• [BRIEF]:
Give the entries below again, word for word, and leave out the images.

• [EXTRACTED ENTRIES]:
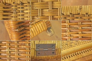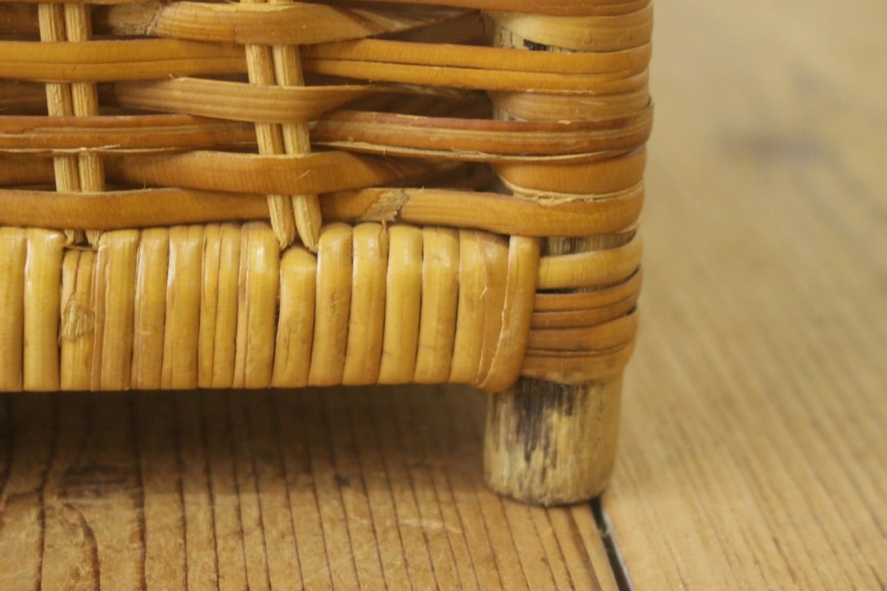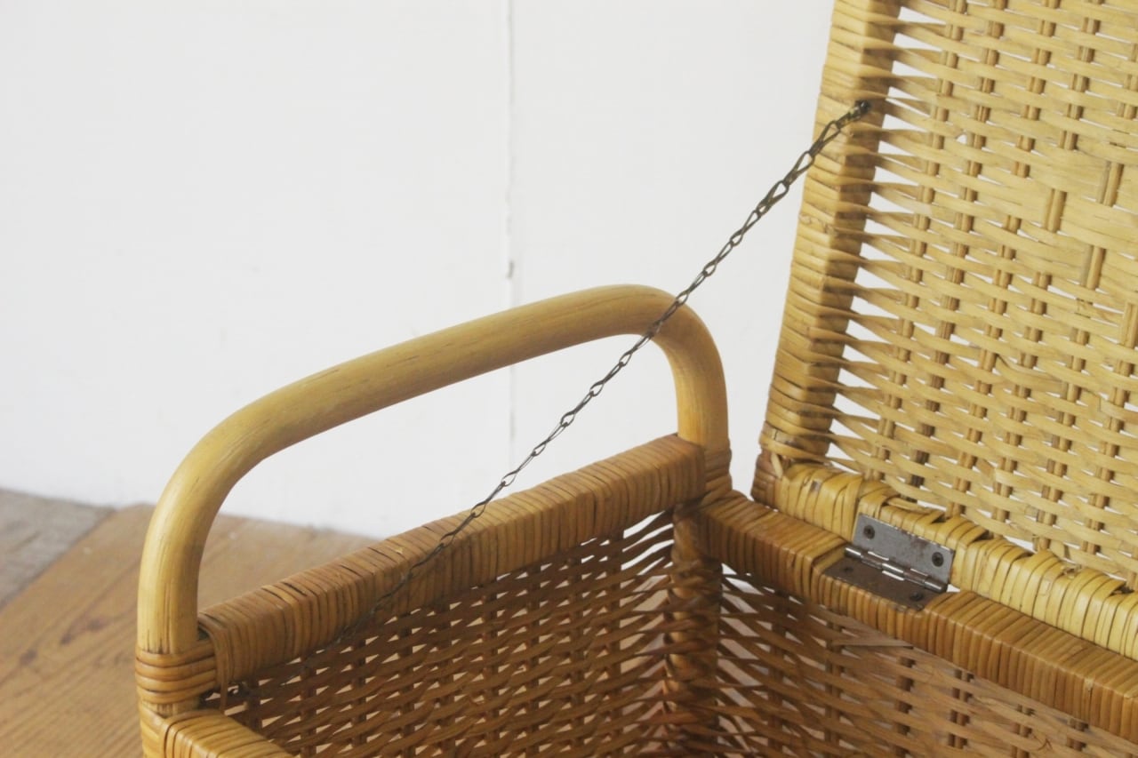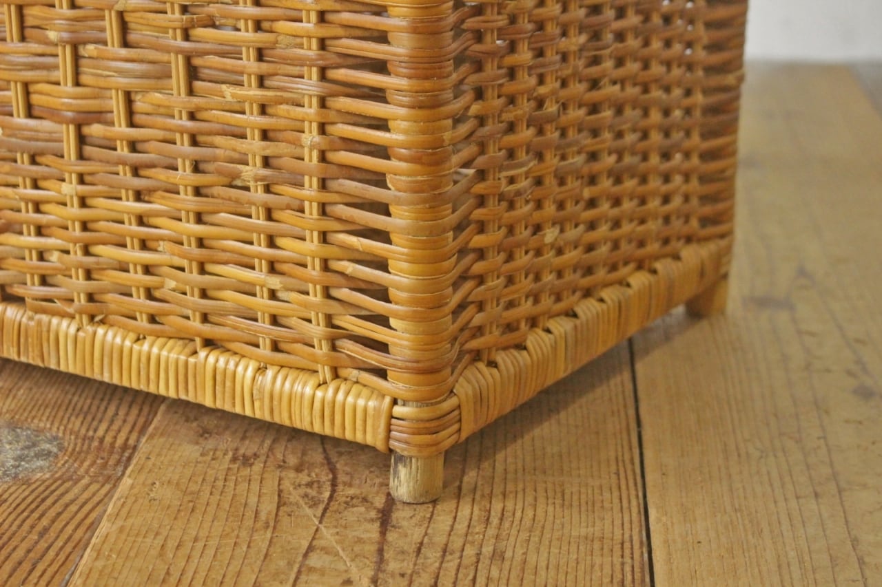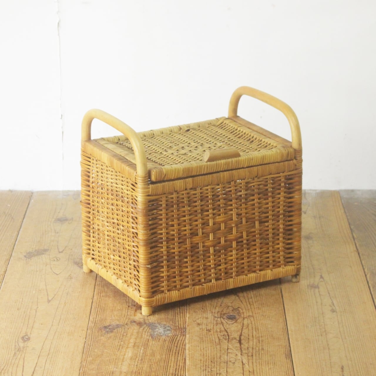 ラタン ランドリー バスケット 小振り 蓋付き脱衣かご 籠 ラック 籐家具 収納 ヴィンテージ/PHT12076
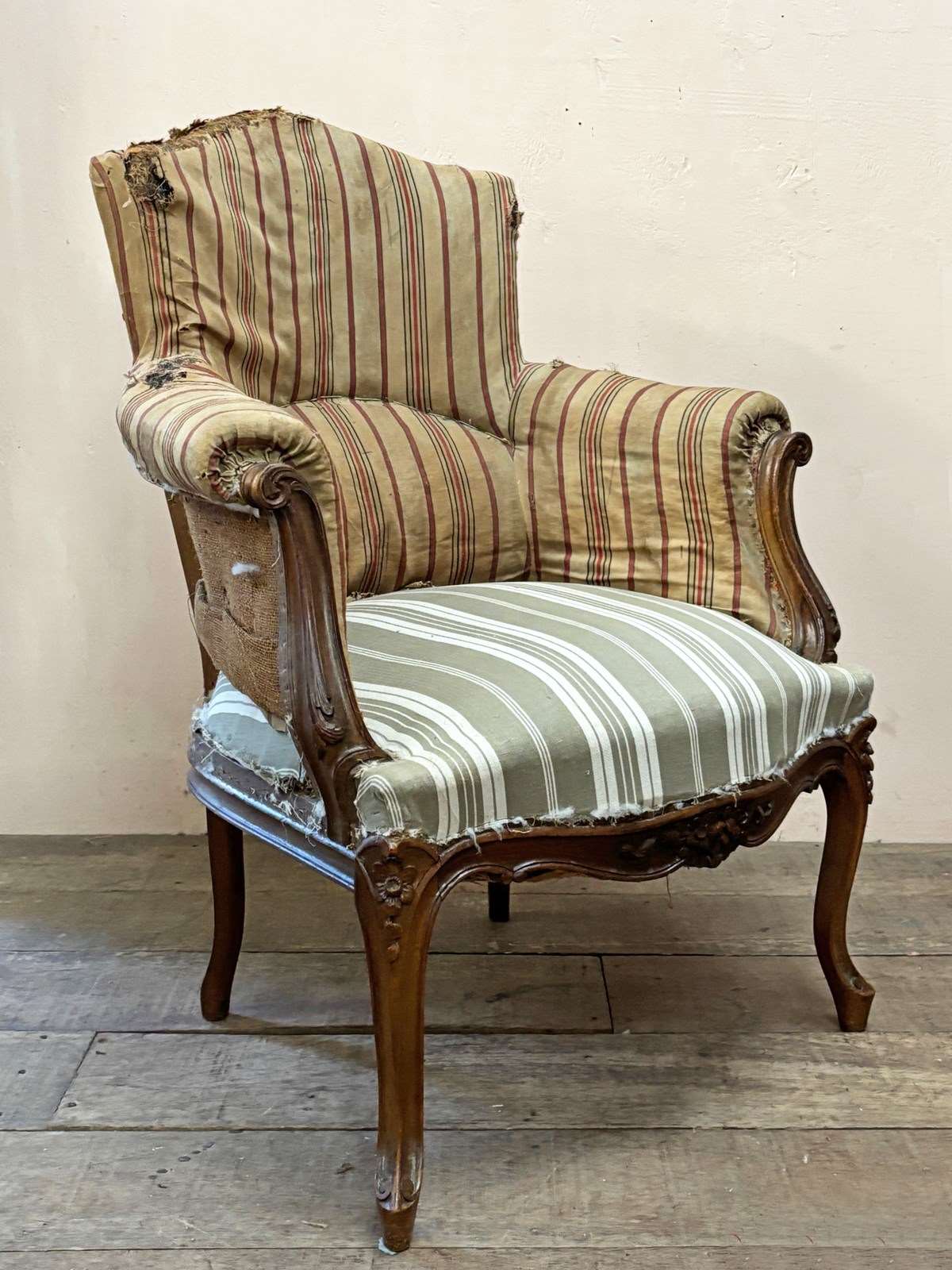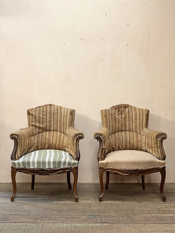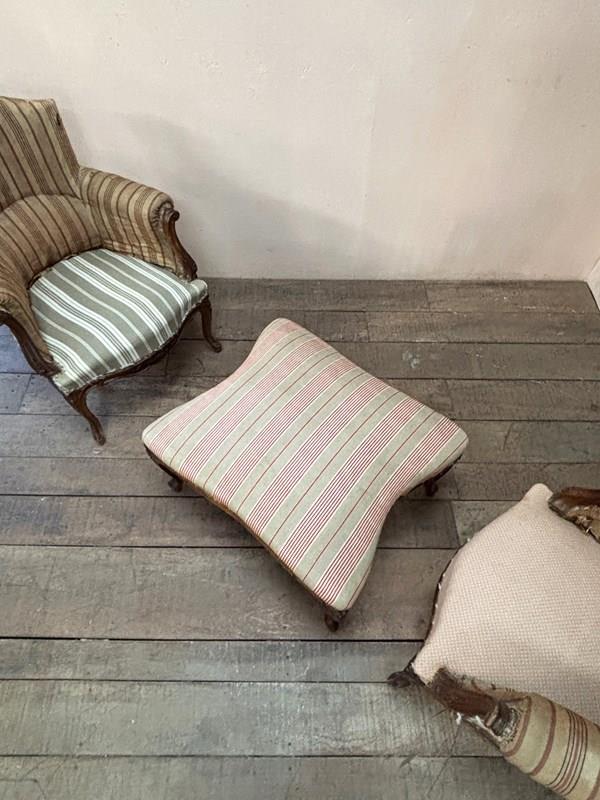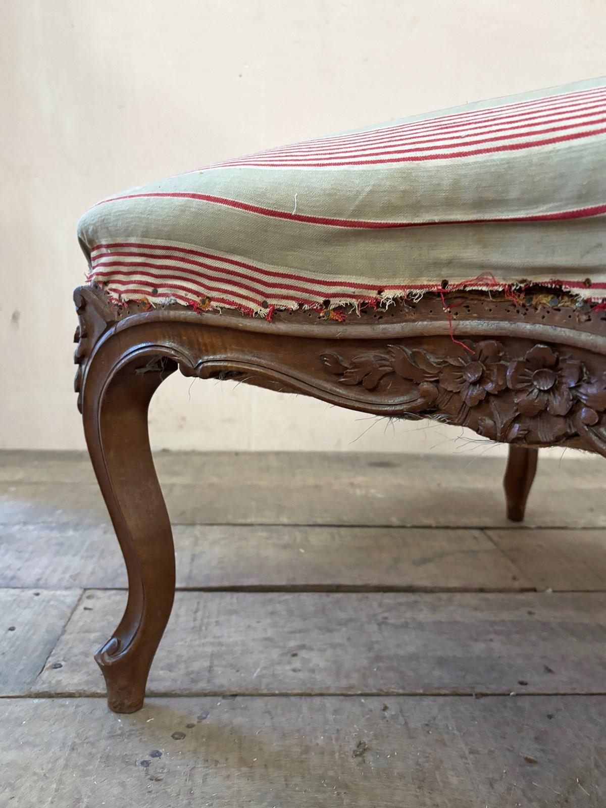 A 'duchesse brisée' or a pair of armchairs and stool. This set are in the Louis XV style and from the mid 19th century, built in solid walnut. The frames are in excellent structural condition, with no woodworm.
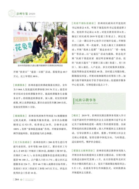 【婚姻服务】 彭州市巩固和升华国家 3A 级婚姻登 【概况】 2019 年,彭州市民族宗教事务局深入学习
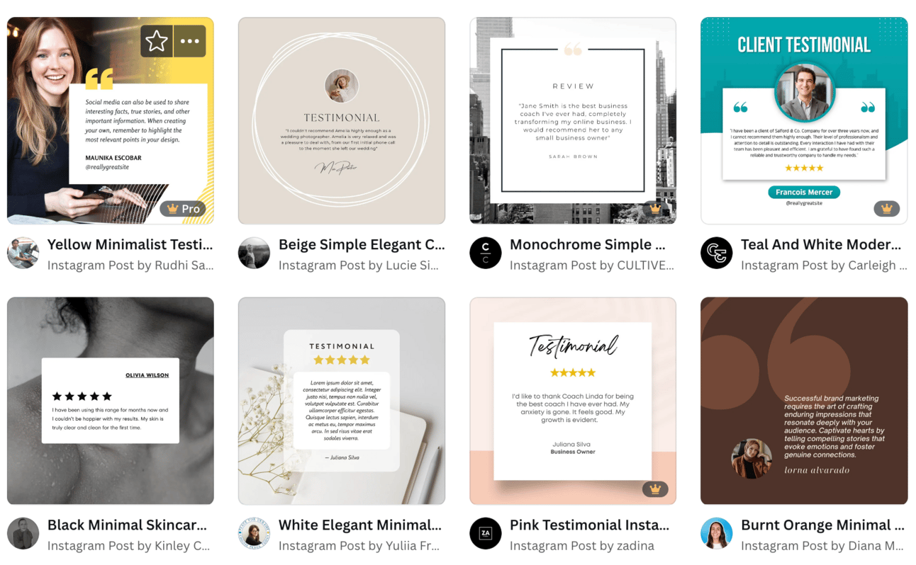 To make these yours you’d do some branding adjustments and then simply copy paste testimonial text into the template.
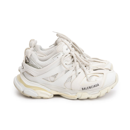 Balenciaga White Leather Fabric Mesh Track Sneakers, Size 38
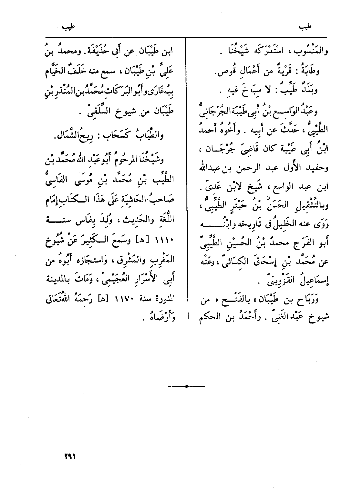 وَرَبَاح بن! طَيْبَان (بالفَتْح) من شُيُوخ عَبْد الفَنِيّ. وأَحْمَدُ بن الحكم بن طَيْبَان عَن أَبي حُذَيْفَة. ومحمدُ بنُ علِيِّ بْنِ طَيْبَان، سمع مِنْهُ خَلَفٌ الخَيَّام بِبُخَارَى وأَبُو البَرَكَات مُحمَّدُ بن المُنْذرِ بْنِ طَيْبَان من شُيُوخ السِّلَفِيّ.
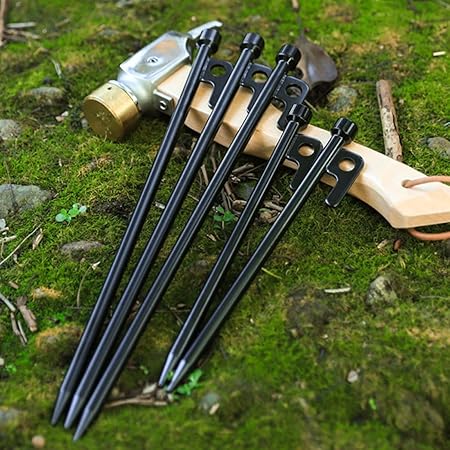 - Metal tent stakes:the smooth design of the tip part is not easy to hurt your hands and easy to plunge into the soil,outdoor tent pegs

• [WRITTEN SOLUTION]:
 ラタン ランドリー バスケット 小振り 蓋付き脱衣かご 籠 ラック 籐家具 収納 ヴィンテージ/PHT12076
 A 'duchesse brisée' or a pair of armchairs and stool. This set are in the Louis XV style and from the mid 19th century, built in solid walnut. The frames are in excellent structural condition, with no woodworm.
 【婚姻服务】 彭州市巩固和升华国家 3A 级婚姻登 【概况】 2019 年,彭州市民族宗教事务局深入学习
 To make these yours you’d do some branding adjustments and then simply copy paste testimonial text into the template.
 Balenciaga White Leather Fabric Mesh Track Sneakers, Size 38
 وَرَبَاح بن! طَيْبَان (بالفَتْح) من شُيُوخ عَبْد الفَنِيّ. وأَحْمَدُ بن الحكم بن طَيْبَان عَن أَبي حُذَيْفَة. ومحمدُ بنُ علِيِّ بْنِ طَيْبَان، سمع مِنْهُ خَلَفٌ الخَيَّام بِبُخَارَى وأَبُو البَرَكَات مُحمَّدُ بن المُنْذرِ بْنِ طَيْبَان من شُيُوخ السِّلَفِيّ.
 - Metal tent stakes:the smooth design of the tip part is not easy to hurt your hands and easy to plunge into the soil,outdoor tent pegs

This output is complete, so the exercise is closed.